> AVAILABLE DATA:
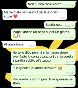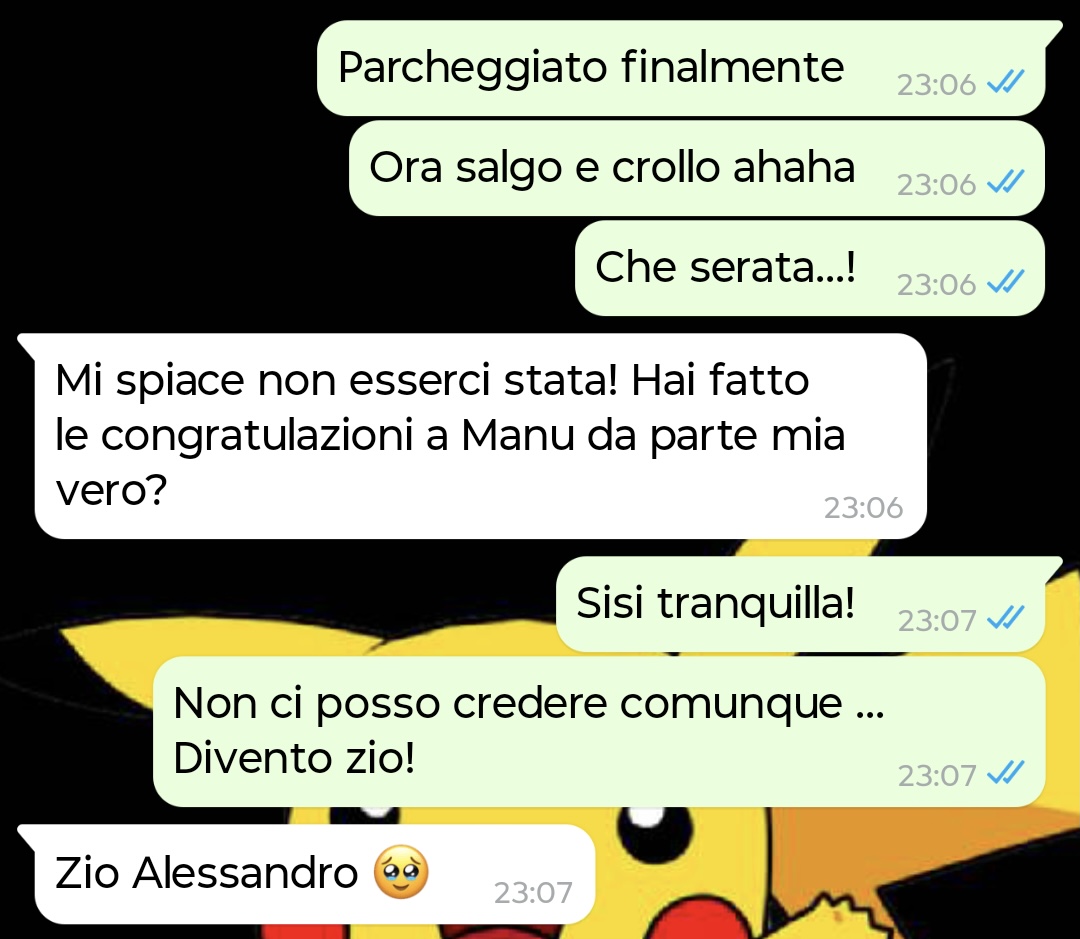 Venerdì sera sono andato come sempre a cena dai miei. Di solito io e Ludovica, la mia ragazza, ci andiamo insieme, ma questa volta ero solo perché lei aveva un impegno. Succede che durante la cena mia sorella annuncia alla famiglia di essere incinta e ovviamente passiamo la serata a festeggiare la splendida notizia! Io e mia sorella siamo molto legati, perciò dire che mi sono emozionato è davvero riduttivo. Nel durante scrivo subito a Ludo e anche lei è molto contenta di diventare zia.
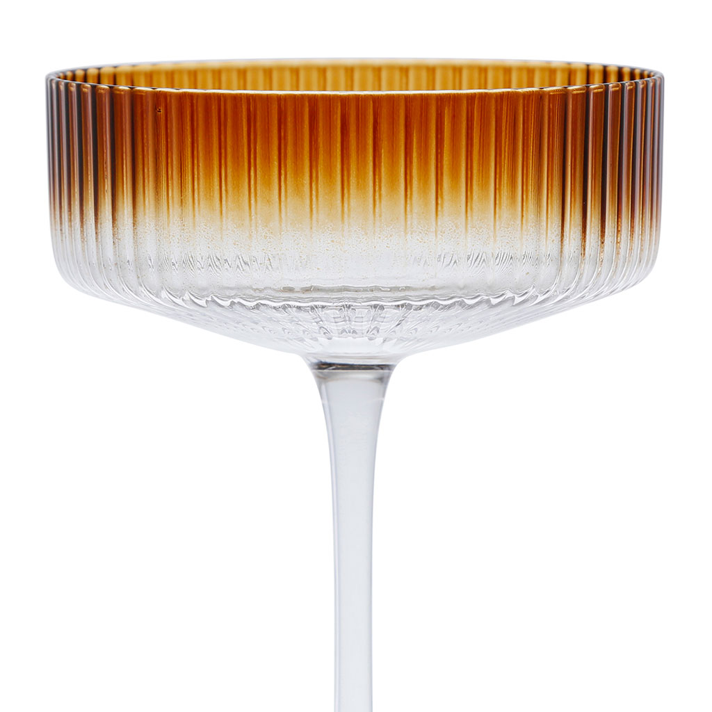 Découvrez notre verre à pied unique en son genre : la coupe de champagne striée en verre ambre.
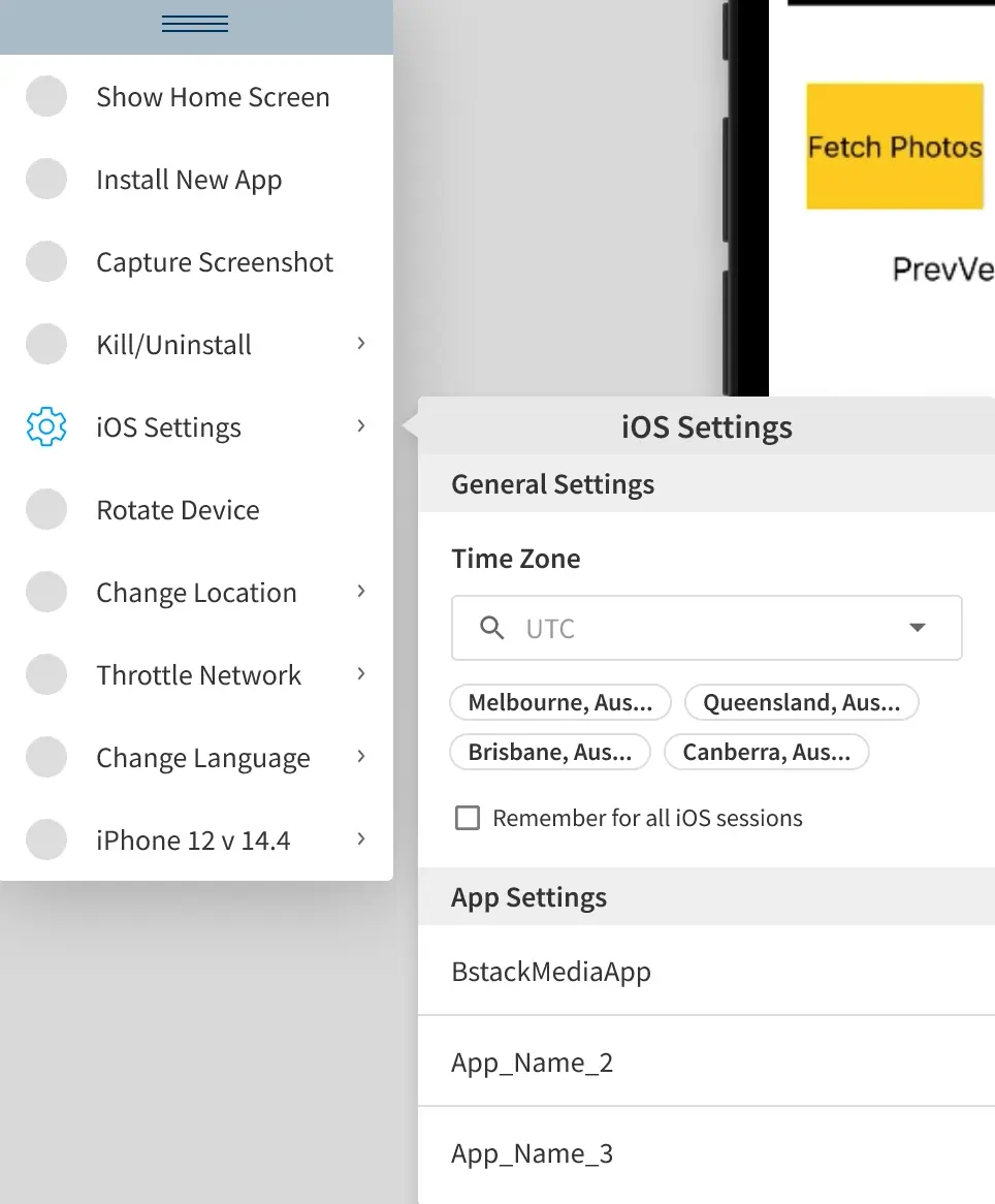 Access app settings in BrowserStack real iOS devices
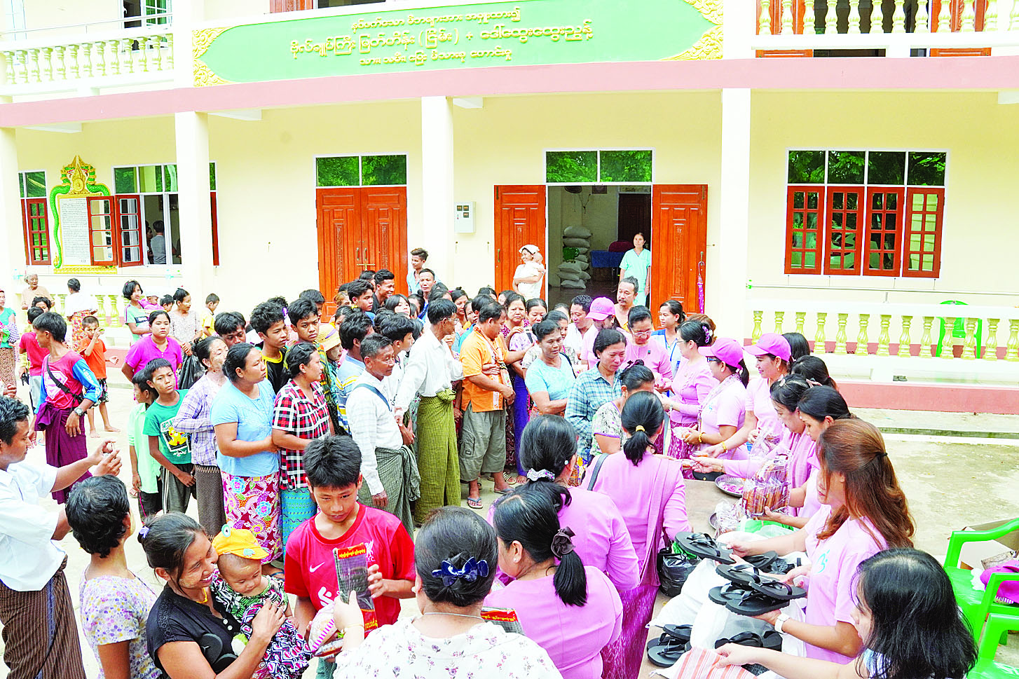မြန်မာနိုင်ငံ အမျိုးသမီးများနှင့် ကလေးသူငယ်များ ဘဝမြှင့်တင်ရေးအသင်း (ဗဟို) နှင့် နေပြည်တော် အမျိုးသမီးများနှင့် ကလေးသူငယ်များ ဘဝမြှင့်တင်ရေးအသင်းတို့မှ ယနေ့နေ့လယ်ပိုင်းတွင် ပြည်ထောင်နယ်မြေ နေပြည်တော်အတွင်း မိုးသည်းထန်စွာ ရွာသွန်းမှုကြောင့် ရေဘေးသင့်ပြည်သူများအား နေပြည်တော် လယ်ဝေးမြို့နယ် ဗောဓိကုန်းကျေးရွာ ဗောဓိကုန်းမိုးကုတ်ဝိပဿနာဓမ္မရိပ်သာကျောင်းတိုက်နှင့် ပျံချီအုပ်စုဧလာတိဏ္ဏကျောင်းတိုက်များသို့ သွားရောက်၍ အားပေးလှူဒါန်းသည်။
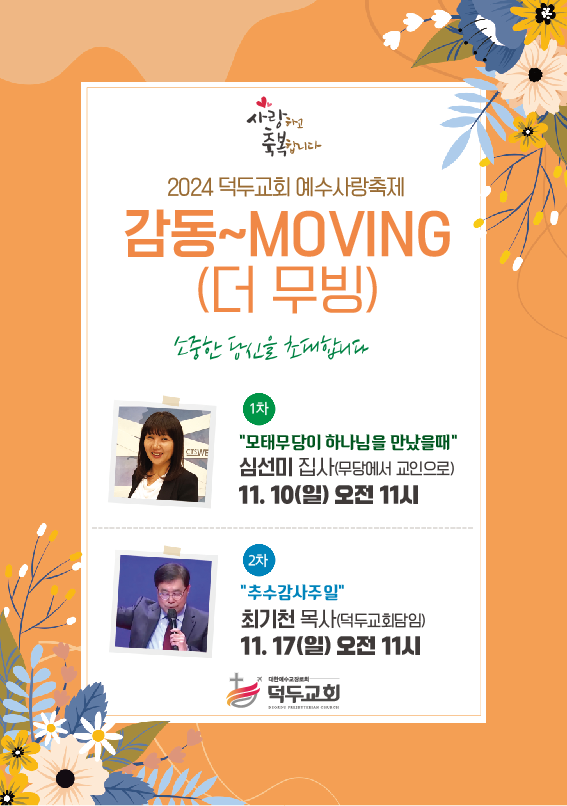 교회소식 2024 덕두교회 예수사랑축제 "감동~MOVING(더 무빙)" 페이지 정보 작성자 관리자 작성일 24-10-19 22:06 조회 353회 본문 이전글2025년 설날가정예배지 다음글2024 덕두교회 여름사역 안내 목록
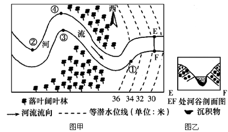 【小题2】在EF剖面处,E岸为泥沙沉积岸,F岸为侵蚀岸,故受地转偏向力的影响,河水向右偏,当地为北半球,A错。北半球大陆东岸,植被为落叶阔叶林,气候应为温带季风气候,夏季为雨季,河流的汛期,B错。因河流干流自南向北流动(自低纬流向高纬,大陆东岸温带地区冬季河流有结冰现象,故该河段在初冬、初春季节可发生凌汛现象,C正确。甲图中等潜水位线向数值低处弯曲,“凸低则高”,河流水位高于两岸地下水水位,此时河水补给地下水,D错。
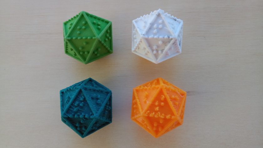 “Basically, I rolled the Shapeways printed d20 and a Game Science d20 500 times each through a dice tower,” Berberette states, “The results were pretty amazing. There is a 5% chance for a d20 to land on any side, and based on my rolls (which are not scientific) the Shapeways dice (probably due to a larger surface area) deviated from the 5% by only 0.58%. Meanwhile, the Game Science d20 deviated by 0.82%. Again, I’m sure the Game Science die is way more precise, but the Shapeways die performed really well.”
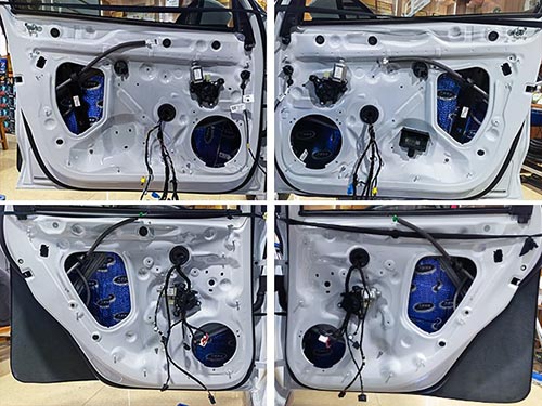 要想音質(zhì)得到整體的提升,細(xì)節(jié)方面的處理也十分重要。四門(mén)隔音對(duì)于音響改裝來(lái)說(shuō),是必不可少的一步,專業(yè)的的隔音施工能使得門(mén)板形成一個(gè)良好的音響箱體,可以提升中低頻的音響效果。使用四門(mén)大能藍(lán)金剛及吸音棉對(duì)門(mén)板進(jìn)行三層隔音降噪施工,增強(qiáng)鈑金剛性同時(shí)也為喇叭提供一個(gè)良好的發(fā)聲環(huán)境。
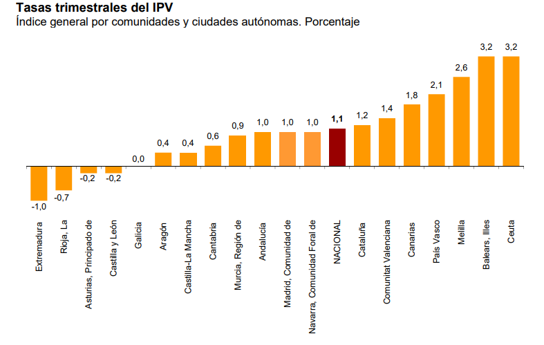 Среди автономий наибольший рост цен на жильё в годовом выражении зафиксирован на Балеарских островах (3,4%), Мурсия (3,0%) и Астурия (2,7%).
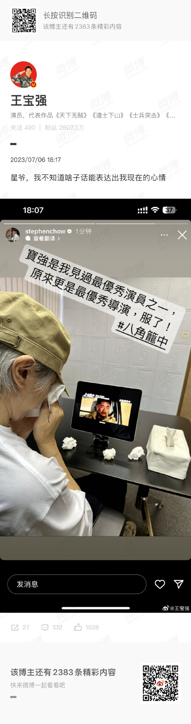 周星驰ins发布自己观看王宝强新电影《八角笼中》的照片,照片中他擦着眼泪,配文“宝强是我见过最优秀演员之一,原来更是优秀的导演,服了!”
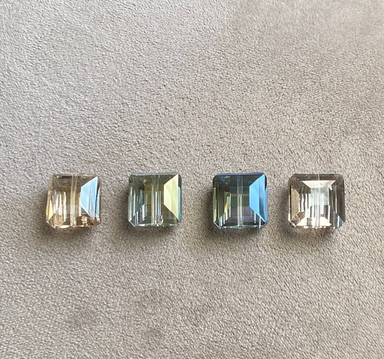 14mm x 14mm square champagne crystal Earrings. Simple, perfect to wear to an elegant evening out or with jeans and a t-shirt, these earrings will fit any occasion. They are wire wrapped for security, style and clean , finished look. 1' long. Available in silver or gold plated metal. Color stone availbale are Champagne, Olive, Blue, Smoke,
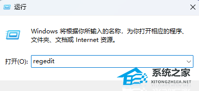 2. 运行窗口,输入【regedit】命令,按【确定或回车】打开注册表编辑器;
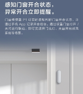 Aqara 门窗传感器 P1 不仅可以实时判断门窗开合状态,并且还可以通过手机App 记录门窗开合信息。同时还可以根据门窗开合状态联全屋智能,例如当门窗打开的时候,实现开门全屋亮灯。门窗关闭的时候,实现关门全屋关灯……
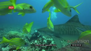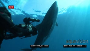Select options DownloadDiver swimming underwater in ocean towards Tiger Shark and it turns away WS TRA MLS HAND
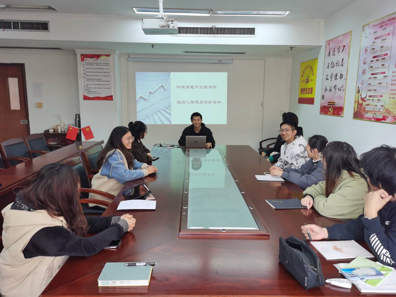11月28日,一帆视频 在实践楼301会议室举办了2021年下半年班级心理健康教育活动评比。学院团委副书记蒋春翔,院心协主席团成员和各班心理委员参加此次评比活动。

> WORK INSTRUCTION: Could you reproduce all of the data above exactly and skip any image?

> ANSWER BELOW:
 Venerdì sera sono andato come sempre a cena dai miei. Di solito io e Ludovica, la mia ragazza, ci andiamo insieme, ma questa volta ero solo perché lei aveva un impegno. Succede che durante la cena mia sorella annuncia alla famiglia di essere incinta e ovviamente passiamo la serata a festeggiare la splendida notizia! Io e mia sorella siamo molto legati, perciò dire che mi sono emozionato è davvero riduttivo. Nel durante scrivo subito a Ludo e anche lei è molto contenta di diventare zia.
 Découvrez notre verre à pied unique en son genre : la coupe de champagne striée en verre ambre.
 Access app settings in BrowserStack real iOS devices
မြန်မာနိုင်ငံ အမျိုးသမီးများနှင့် ကလေးသူငယ်များ ဘဝမြှင့်တင်ရေးအသင်း (ဗဟို) နှင့် နေပြည်တော် အမျိုးသမီးများနှင့် ကလေးသူငယ်များ ဘဝမြှင့်တင်ရေးအသင်းတို့မှ ယနေ့နေ့လယ်ပိုင်းတွင် ပြည်ထောင်နယ်မြေ နေပြည်တော်အတွင်း မိုးသည်းထန်စွာ ရွာသွန်းမှုကြောင့် ရေဘေးသင့်ပြည်သူများအား နေပြည်တော် လယ်ဝေးမြို့နယ် ဗောဓိကုန်းကျေးရွာ ဗောဓိကုန်းမိုးကုတ်ဝိပဿနာဓမ္မရိပ်သာကျောင်းတိုက်နှင့် ပျံချီအုပ်စုဧလာတိဏ္ဏကျောင်းတိုက်များသို့ သွားရောက်၍ အားပေးလှူဒါန်းသည်။
 교회소식 2024 덕두교회 예수사랑축제 "감동~MOVING(더 무빙)" 페이지 정보 작성자 관리자 작성일 24-10-19 22:06 조회 353회 본문 이전글2025년 설날가정예배지 다음글2024 덕두교회 여름사역 안내 목록
 【小题2】在EF剖面处,E岸为泥沙沉积岸,F岸为侵蚀岸,故受地转偏向力的影响,河水向右偏,当地为北半球,A错。北半球大陆东岸,植被为落叶阔叶林,气候应为温带季风气候,夏季为雨季,河流的汛期,B错。因河流干流自南向北流动(自低纬流向高纬,大陆东岸温带地区冬季河流有结冰现象,故该河段在初冬、初春季节可发生凌汛现象,C正确。甲图中等潜水位线向数值低处弯曲,“凸低则高”,河流水位高于两岸地下水水位,此时河水补给地下水,D错。
 “Basically, I rolled the Shapeways printed d20 and a Game Science d20 500 times each through a dice tower,” Berberette states, “The results were pretty amazing. There is a 5% chance for a d20 to land on any side, and based on my rolls (which are not scientific) the Shapeways dice (probably due to a larger surface area) deviated from the 5% by only 0.58%. Meanwhile, the Game Science d20 deviated by 0.82%. Again, I’m sure the Game Science die is way more precise, but the Shapeways die performed really well.”
 要想音質(zhì)得到整體的提升,細(xì)節(jié)方面的處理也十分重要。四門(mén)隔音對(duì)于音響改裝來(lái)說(shuō),是必不可少的一步,專業(yè)的的隔音施工能使得門(mén)板形成一個(gè)良好的音響箱體,可以提升中低頻的音響效果。使用四門(mén)大能藍(lán)金剛及吸音棉對(duì)門(mén)板進(jìn)行三層隔音降噪施工,增強(qiáng)鈑金剛性同時(shí)也為喇叭提供一個(gè)良好的發(fā)聲環(huán)境。
 Среди автономий наибольший рост цен на жильё в годовом выражении зафиксирован на Балеарских островах (3,4%), Мурсия (3,0%) и Астурия (2,7%).
 周星驰ins发布自己观看王宝强新电影《八角笼中》的照片,照片中他擦着眼泪,配文“宝强是我见过最优秀演员之一,原来更是优秀的导演,服了!”
 14mm x 14mm square champagne crystal Earrings. Simple, perfect to wear to an elegant evening out or with jeans and a t-shirt, these earrings will fit any occasion. They are wire wrapped for security, style and clean , finished look. 1' long. Available in silver or gold plated metal. Color stone availbale are Champagne, Olive, Blue, Smoke,
 2. 运行窗口,输入【regedit】命令,按【确定或回车】打开注册表编辑器;
 Aqara 门窗传感器 P1 不仅可以实时判断门窗开合状态,并且还可以通过手机App 记录门窗开合信息。同时还可以根据门窗开合状态联全屋智能,例如当门窗打开的时候,实现开门全屋亮灯。门窗关闭的时候,实现关门全屋关灯……
Select options DownloadDiver swimming underwater in ocean towards Tiger Shark and it turns away WS TRA MLS HAND
11月28日,一帆视频 在实践楼301会议室举办了2021年下半年班级心理健康教育活动评比。学院团委副书记蒋春翔,院心协主席团成员和各班心理委员参加此次评比活动。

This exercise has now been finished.